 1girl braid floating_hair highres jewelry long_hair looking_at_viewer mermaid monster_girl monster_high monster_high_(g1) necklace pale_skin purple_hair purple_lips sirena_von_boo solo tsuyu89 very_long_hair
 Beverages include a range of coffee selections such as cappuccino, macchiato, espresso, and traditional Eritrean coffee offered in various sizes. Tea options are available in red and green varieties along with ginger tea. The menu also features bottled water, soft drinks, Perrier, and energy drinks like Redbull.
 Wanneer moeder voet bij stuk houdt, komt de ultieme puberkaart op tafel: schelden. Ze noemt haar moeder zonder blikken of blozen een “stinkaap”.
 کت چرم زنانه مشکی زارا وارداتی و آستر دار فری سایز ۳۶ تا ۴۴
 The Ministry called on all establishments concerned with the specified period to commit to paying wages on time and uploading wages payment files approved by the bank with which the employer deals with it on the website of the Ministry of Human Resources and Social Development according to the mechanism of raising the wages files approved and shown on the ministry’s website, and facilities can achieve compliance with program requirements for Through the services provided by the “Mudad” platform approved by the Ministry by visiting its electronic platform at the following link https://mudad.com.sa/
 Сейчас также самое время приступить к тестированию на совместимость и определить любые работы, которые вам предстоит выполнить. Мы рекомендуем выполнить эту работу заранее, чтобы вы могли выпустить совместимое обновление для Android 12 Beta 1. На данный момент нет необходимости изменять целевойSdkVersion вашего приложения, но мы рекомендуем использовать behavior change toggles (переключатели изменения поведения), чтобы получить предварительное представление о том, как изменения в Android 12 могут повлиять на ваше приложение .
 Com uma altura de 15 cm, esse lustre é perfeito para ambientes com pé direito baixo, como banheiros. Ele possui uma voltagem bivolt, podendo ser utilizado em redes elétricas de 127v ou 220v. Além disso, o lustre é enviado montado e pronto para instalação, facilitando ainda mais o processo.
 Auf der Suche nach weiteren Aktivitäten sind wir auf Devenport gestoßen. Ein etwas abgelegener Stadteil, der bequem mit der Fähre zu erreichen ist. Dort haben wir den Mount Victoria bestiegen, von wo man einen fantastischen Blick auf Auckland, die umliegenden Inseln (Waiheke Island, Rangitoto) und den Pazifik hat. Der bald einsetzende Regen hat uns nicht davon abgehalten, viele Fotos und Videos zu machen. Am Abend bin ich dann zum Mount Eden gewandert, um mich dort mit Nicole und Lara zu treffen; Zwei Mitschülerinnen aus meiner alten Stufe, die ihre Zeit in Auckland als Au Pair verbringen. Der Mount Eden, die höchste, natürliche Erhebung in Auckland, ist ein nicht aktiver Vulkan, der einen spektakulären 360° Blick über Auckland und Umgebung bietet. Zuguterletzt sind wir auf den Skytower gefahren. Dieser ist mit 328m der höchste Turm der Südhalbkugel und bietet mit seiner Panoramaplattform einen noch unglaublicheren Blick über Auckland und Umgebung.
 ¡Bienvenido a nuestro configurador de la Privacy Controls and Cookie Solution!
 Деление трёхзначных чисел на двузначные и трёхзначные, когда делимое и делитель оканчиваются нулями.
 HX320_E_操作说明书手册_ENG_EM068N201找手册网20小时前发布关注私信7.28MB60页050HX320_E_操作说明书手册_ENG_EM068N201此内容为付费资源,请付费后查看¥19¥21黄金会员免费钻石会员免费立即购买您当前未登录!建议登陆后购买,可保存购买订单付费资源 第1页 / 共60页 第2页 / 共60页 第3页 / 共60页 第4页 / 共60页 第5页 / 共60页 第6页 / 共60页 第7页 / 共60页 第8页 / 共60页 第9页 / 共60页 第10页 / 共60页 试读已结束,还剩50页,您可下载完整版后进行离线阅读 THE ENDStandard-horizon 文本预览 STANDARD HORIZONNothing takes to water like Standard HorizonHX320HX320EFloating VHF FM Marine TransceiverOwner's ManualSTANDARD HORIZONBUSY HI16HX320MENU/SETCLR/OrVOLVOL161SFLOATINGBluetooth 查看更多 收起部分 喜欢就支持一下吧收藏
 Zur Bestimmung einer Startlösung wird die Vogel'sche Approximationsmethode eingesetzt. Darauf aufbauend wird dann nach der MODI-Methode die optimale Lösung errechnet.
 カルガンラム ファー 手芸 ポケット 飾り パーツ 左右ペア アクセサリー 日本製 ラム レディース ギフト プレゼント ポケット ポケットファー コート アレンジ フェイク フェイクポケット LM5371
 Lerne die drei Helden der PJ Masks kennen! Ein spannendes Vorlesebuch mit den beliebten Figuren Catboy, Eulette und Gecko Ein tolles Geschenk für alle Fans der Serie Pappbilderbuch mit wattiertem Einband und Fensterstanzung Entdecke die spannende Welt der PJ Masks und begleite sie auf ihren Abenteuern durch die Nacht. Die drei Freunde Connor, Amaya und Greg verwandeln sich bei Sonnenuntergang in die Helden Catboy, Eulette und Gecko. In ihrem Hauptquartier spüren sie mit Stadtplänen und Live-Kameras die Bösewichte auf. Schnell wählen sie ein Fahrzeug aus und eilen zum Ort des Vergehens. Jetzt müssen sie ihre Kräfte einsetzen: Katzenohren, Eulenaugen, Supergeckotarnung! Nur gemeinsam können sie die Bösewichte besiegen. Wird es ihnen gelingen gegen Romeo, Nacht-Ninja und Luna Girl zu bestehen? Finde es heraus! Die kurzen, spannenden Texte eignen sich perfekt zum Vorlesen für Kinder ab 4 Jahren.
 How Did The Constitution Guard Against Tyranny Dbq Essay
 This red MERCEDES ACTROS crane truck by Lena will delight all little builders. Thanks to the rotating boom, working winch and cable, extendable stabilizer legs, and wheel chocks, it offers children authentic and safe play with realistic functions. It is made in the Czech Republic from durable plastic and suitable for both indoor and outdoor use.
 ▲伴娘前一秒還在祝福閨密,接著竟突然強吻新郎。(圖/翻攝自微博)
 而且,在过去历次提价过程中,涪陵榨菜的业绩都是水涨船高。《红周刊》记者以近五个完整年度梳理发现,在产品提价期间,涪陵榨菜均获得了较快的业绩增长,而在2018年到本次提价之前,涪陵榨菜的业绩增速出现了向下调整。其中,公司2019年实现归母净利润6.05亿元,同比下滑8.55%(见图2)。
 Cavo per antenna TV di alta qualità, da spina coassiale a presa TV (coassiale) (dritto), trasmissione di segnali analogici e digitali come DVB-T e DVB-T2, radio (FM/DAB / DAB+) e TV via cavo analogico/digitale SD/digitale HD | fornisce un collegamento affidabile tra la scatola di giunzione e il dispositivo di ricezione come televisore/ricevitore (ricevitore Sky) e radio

## [WHAT TO PRODUCE]
Give the complete listing a second time, exactly as it reads.

## [REPLY]
 1girl braid floating_hair highres jewelry long_hair looking_at_viewer mermaid monster_girl monster_high monster_high_(g1) necklace pale_skin purple_hair purple_lips sirena_von_boo solo tsuyu89 very_long_hair
 Beverages include a range of coffee selections such as cappuccino, macchiato, espresso, and traditional Eritrean coffee offered in various sizes. Tea options are available in red and green varieties along with ginger tea. The menu also features bottled water, soft drinks, Perrier, and energy drinks like Redbull.
 Wanneer moeder voet bij stuk houdt, komt de ultieme puberkaart op tafel: schelden. Ze noemt haar moeder zonder blikken of blozen een “stinkaap”.
 کت چرم زنانه مشکی زارا وارداتی و آستر دار فری سایز ۳۶ تا ۴۴
 The Ministry called on all establishments concerned with the specified period to commit to paying wages on time and uploading wages payment files approved by the bank with which the employer deals with it on the website of the Ministry of Human Resources and Social Development according to the mechanism of raising the wages files approved and shown on the ministry’s website, and facilities can achieve compliance with program requirements for Through the services provided by the “Mudad” platform approved by the Ministry by visiting its electronic platform at the following link https://mudad.com.sa/
 Сейчас также самое время приступить к тестированию на совместимость и определить любые работы, которые вам предстоит выполнить. Мы рекомендуем выполнить эту работу заранее, чтобы вы могли выпустить совместимое обновление для Android 12 Beta 1. На данный момент нет необходимости изменять целевойSdkVersion вашего приложения, но мы рекомендуем использовать behavior change toggles (переключатели изменения поведения), чтобы получить предварительное представление о том, как изменения в Android 12 могут повлиять на ваше приложение .
 Com uma altura de 15 cm, esse lustre é perfeito para ambientes com pé direito baixo, como banheiros. Ele possui uma voltagem bivolt, podendo ser utilizado em redes elétricas de 127v ou 220v. Além disso, o lustre é enviado montado e pronto para instalação, facilitando ainda mais o processo.
 Auf der Suche nach weiteren Aktivitäten sind wir auf Devenport gestoßen. Ein etwas abgelegener Stadteil, der bequem mit der Fähre zu erreichen ist. Dort haben wir den Mount Victoria bestiegen, von wo man einen fantastischen Blick auf Auckland, die umliegenden Inseln (Waiheke Island, Rangitoto) und den Pazifik hat. Der bald einsetzende Regen hat uns nicht davon abgehalten, viele Fotos und Videos zu machen. Am Abend bin ich dann zum Mount Eden gewandert, um mich dort mit Nicole und Lara zu treffen; Zwei Mitschülerinnen aus meiner alten Stufe, die ihre Zeit in Auckland als Au Pair verbringen. Der Mount Eden, die höchste, natürliche Erhebung in Auckland, ist ein nicht aktiver Vulkan, der einen spektakulären 360° Blick über Auckland und Umgebung bietet. Zuguterletzt sind wir auf den Skytower gefahren. Dieser ist mit 328m der höchste Turm der Südhalbkugel und bietet mit seiner Panoramaplattform einen noch unglaublicheren Blick über Auckland und Umgebung.
 ¡Bienvenido a nuestro configurador de la Privacy Controls and Cookie Solution!
 Деление трёхзначных чисел на двузначные и трёхзначные, когда делимое и делитель оканчиваются нулями.
 HX320_E_操作说明书手册_ENG_EM068N201找手册网20小时前发布关注私信7.28MB60页050HX320_E_操作说明书手册_ENG_EM068N201此内容为付费资源,请付费后查看¥19¥21黄金会员免费钻石会员免费立即购买您当前未登录!建议登陆后购买,可保存购买订单付费资源 第1页 / 共60页 第2页 / 共60页 第3页 / 共60页 第4页 / 共60页 第5页 / 共60页 第6页 / 共60页 第7页 / 共60页 第8页 / 共60页 第9页 / 共60页 第10页 / 共60页 试读已结束,还剩50页,您可下载完整版后进行离线阅读 THE ENDStandard-horizon 文本预览 STANDARD HORIZONNothing takes to water like Standard HorizonHX320HX320EFloating VHF FM Marine TransceiverOwner's ManualSTANDARD HORIZONBUSY HI16HX320MENU/SETCLR/OrVOLVOL161SFLOATINGBluetooth 查看更多 收起部分 喜欢就支持一下吧收藏
 Zur Bestimmung einer Startlösung wird die Vogel'sche Approximationsmethode eingesetzt. Darauf aufbauend wird dann nach der MODI-Methode die optimale Lösung errechnet.
 カルガンラム ファー 手芸 ポケット 飾り パーツ 左右ペア アクセサリー 日本製 ラム レディース ギフト プレゼント ポケット ポケットファー コート アレンジ フェイク フェイクポケット LM5371
 Lerne die drei Helden der PJ Masks kennen! Ein spannendes Vorlesebuch mit den beliebten Figuren Catboy, Eulette und Gecko Ein tolles Geschenk für alle Fans der Serie Pappbilderbuch mit wattiertem Einband und Fensterstanzung Entdecke die spannende Welt der PJ Masks und begleite sie auf ihren Abenteuern durch die Nacht. Die drei Freunde Connor, Amaya und Greg verwandeln sich bei Sonnenuntergang in die Helden Catboy, Eulette und Gecko. In ihrem Hauptquartier spüren sie mit Stadtplänen und Live-Kameras die Bösewichte auf. Schnell wählen sie ein Fahrzeug aus und eilen zum Ort des Vergehens. Jetzt müssen sie ihre Kräfte einsetzen: Katzenohren, Eulenaugen, Supergeckotarnung! Nur gemeinsam können sie die Bösewichte besiegen. Wird es ihnen gelingen gegen Romeo, Nacht-Ninja und Luna Girl zu bestehen? Finde es heraus! Die kurzen, spannenden Texte eignen sich perfekt zum Vorlesen für Kinder ab 4 Jahren.
 How Did The Constitution Guard Against Tyranny Dbq Essay
 This red MERCEDES ACTROS crane truck by Lena will delight all little builders. Thanks to the rotating boom, working winch and cable, extendable stabilizer legs, and wheel chocks, it offers children authentic and safe play with realistic functions. It is made in the Czech Republic from durable plastic and suitable for both indoor and outdoor use.
 ▲伴娘前一秒還在祝福閨密,接著竟突然強吻新郎。(圖/翻攝自微博)
 而且,在过去历次提价过程中,涪陵榨菜的业绩都是水涨船高。《红周刊》记者以近五个完整年度梳理发现,在产品提价期间,涪陵榨菜均获得了较快的业绩增长,而在2018年到本次提价之前,涪陵榨菜的业绩增速出现了向下调整。其中,公司2019年实现归母净利润6.05亿元,同比下滑8.55%(见图2)。
 Cavo per antenna TV di alta qualità, da spina coassiale a presa TV (coassiale) (dritto), trasmissione di segnali analogici e digitali come DVB-T e DVB-T2, radio (FM/DAB / DAB+) e TV via cavo analogico/digitale SD/digitale HD | fornisce un collegamento affidabile tra la scatola di giunzione e il dispositivo di ricezione come televisore/ricevitore (ricevitore Sky) e radio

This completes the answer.